__GIVEN DATA__
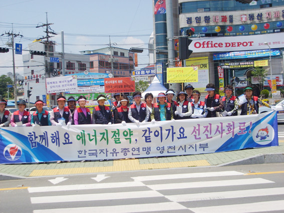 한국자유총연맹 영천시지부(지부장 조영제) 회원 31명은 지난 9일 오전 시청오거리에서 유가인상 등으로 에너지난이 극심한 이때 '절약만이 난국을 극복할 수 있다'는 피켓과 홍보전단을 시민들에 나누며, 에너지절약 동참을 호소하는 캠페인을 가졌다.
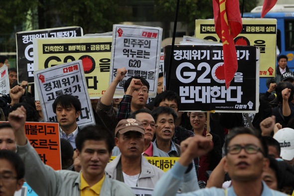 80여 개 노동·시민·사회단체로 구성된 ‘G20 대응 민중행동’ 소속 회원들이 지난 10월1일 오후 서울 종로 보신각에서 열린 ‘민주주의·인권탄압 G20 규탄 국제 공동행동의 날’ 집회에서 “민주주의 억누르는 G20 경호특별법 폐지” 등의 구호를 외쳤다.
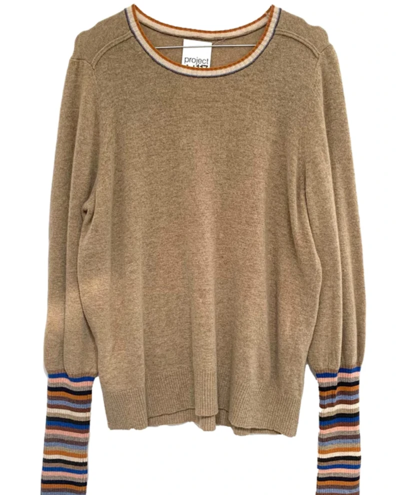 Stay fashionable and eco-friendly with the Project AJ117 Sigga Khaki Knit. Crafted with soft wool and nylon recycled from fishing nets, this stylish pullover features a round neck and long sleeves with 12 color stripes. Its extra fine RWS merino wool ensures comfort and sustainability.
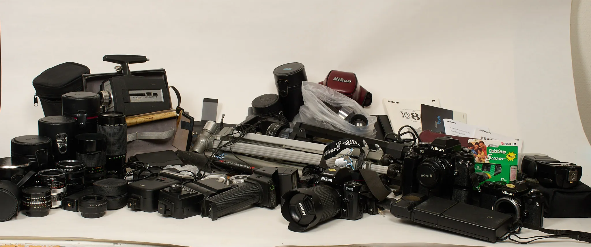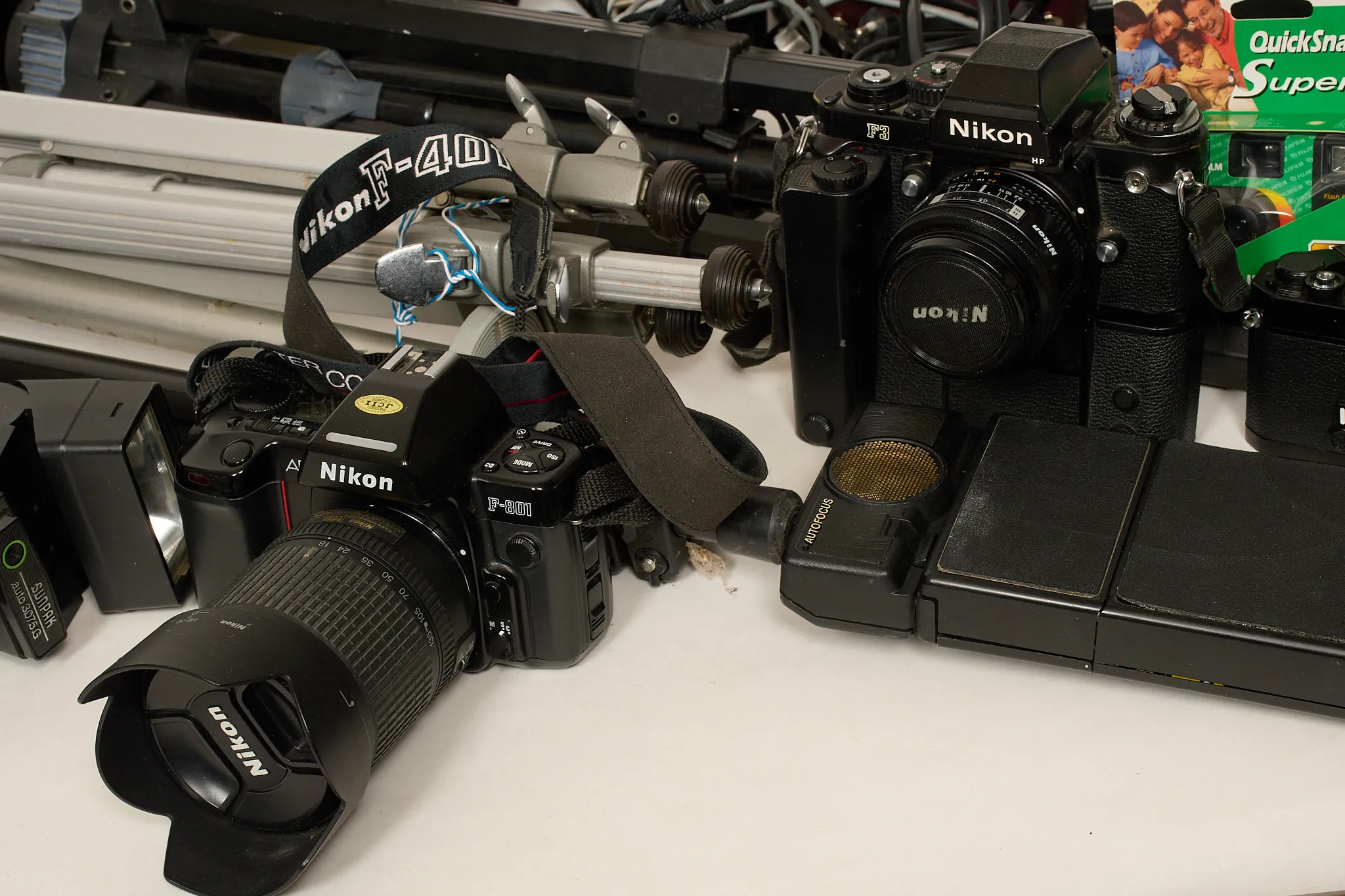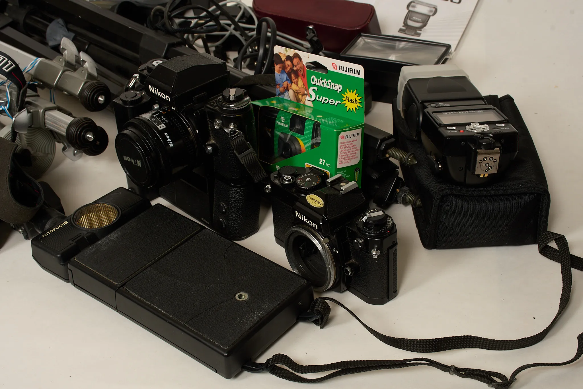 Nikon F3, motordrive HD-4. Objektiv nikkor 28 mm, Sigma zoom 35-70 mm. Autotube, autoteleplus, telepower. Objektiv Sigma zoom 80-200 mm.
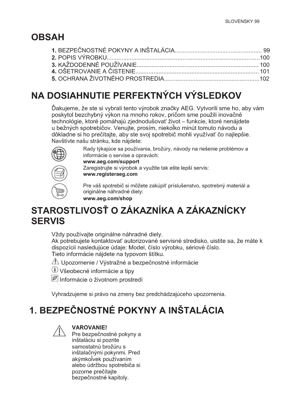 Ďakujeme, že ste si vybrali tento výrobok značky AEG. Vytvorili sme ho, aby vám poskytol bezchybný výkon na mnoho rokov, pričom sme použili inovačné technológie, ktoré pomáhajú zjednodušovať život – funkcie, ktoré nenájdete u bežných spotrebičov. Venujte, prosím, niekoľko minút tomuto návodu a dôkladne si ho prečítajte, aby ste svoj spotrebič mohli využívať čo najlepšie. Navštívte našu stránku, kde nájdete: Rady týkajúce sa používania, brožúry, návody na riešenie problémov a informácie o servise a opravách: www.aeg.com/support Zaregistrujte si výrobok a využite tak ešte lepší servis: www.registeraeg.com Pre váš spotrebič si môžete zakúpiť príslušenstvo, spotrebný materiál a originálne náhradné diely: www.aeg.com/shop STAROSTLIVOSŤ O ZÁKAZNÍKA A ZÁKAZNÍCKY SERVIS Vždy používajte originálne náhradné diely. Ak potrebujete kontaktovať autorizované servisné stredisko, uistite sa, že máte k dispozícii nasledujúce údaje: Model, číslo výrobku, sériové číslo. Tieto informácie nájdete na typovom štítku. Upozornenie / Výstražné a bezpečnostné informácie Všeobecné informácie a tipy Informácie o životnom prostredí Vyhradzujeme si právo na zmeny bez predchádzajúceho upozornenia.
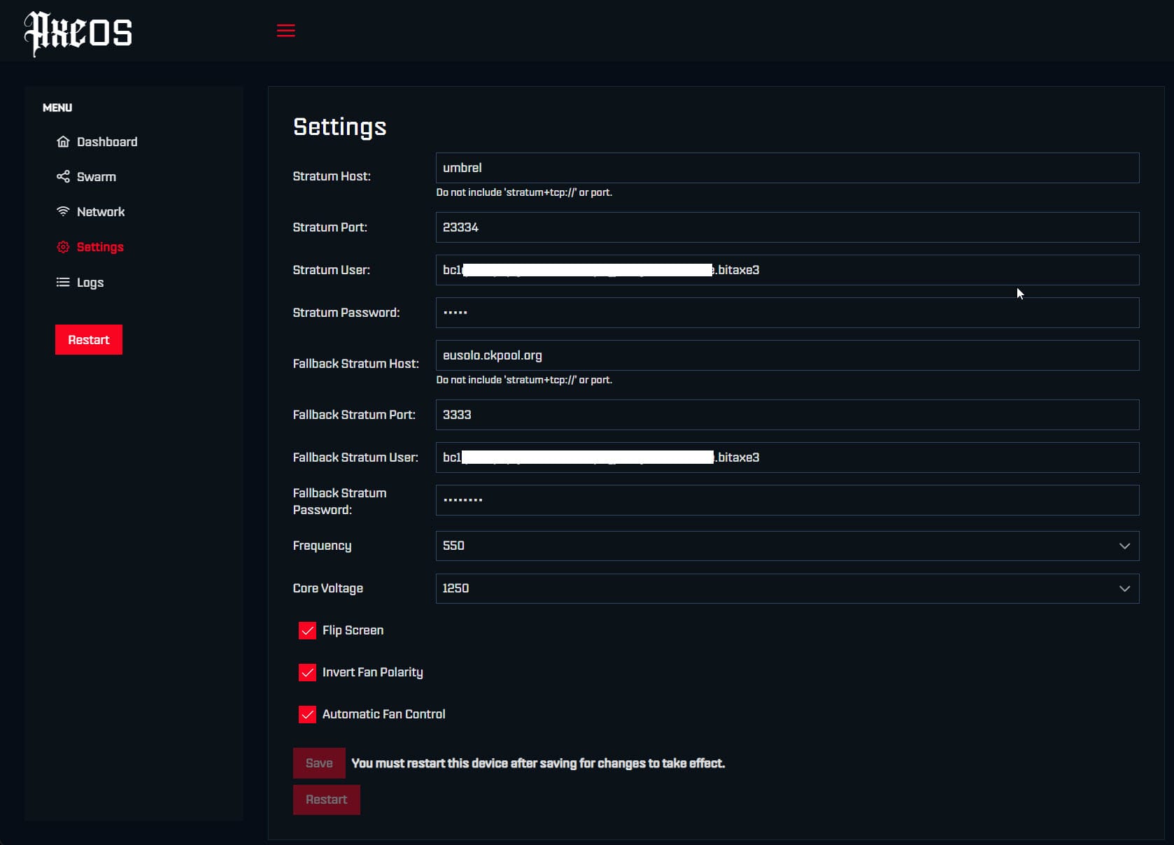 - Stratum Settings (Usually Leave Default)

__YOUR OBJECTIVE__
Nothing but the lines from the start of the records through the line holding "Nikon F3, motordrive" should be printed, exactly as written and with the pictures left out.

__WORKED SOLUTION__
 한국자유총연맹 영천시지부(지부장 조영제) 회원 31명은 지난 9일 오전 시청오거리에서 유가인상 등으로 에너지난이 극심한 이때 '절약만이 난국을 극복할 수 있다'는 피켓과 홍보전단을 시민들에 나누며, 에너지절약 동참을 호소하는 캠페인을 가졌다.
 80여 개 노동·시민·사회단체로 구성된 ‘G20 대응 민중행동’ 소속 회원들이 지난 10월1일 오후 서울 종로 보신각에서 열린 ‘민주주의·인권탄압 G20 규탄 국제 공동행동의 날’ 집회에서 “민주주의 억누르는 G20 경호특별법 폐지” 등의 구호를 외쳤다.
 Stay fashionable and eco-friendly with the Project AJ117 Sigga Khaki Knit. Crafted with soft wool and nylon recycled from fishing nets, this stylish pullover features a round neck and long sleeves with 12 color stripes. Its extra fine RWS merino wool ensures comfort and sustainability.
 Nikon F3, motordrive HD-4. Objektiv nikkor 28 mm, Sigma zoom 35-70 mm. Autotube, autoteleplus, telepower. Objektiv Sigma zoom 80-200 mm.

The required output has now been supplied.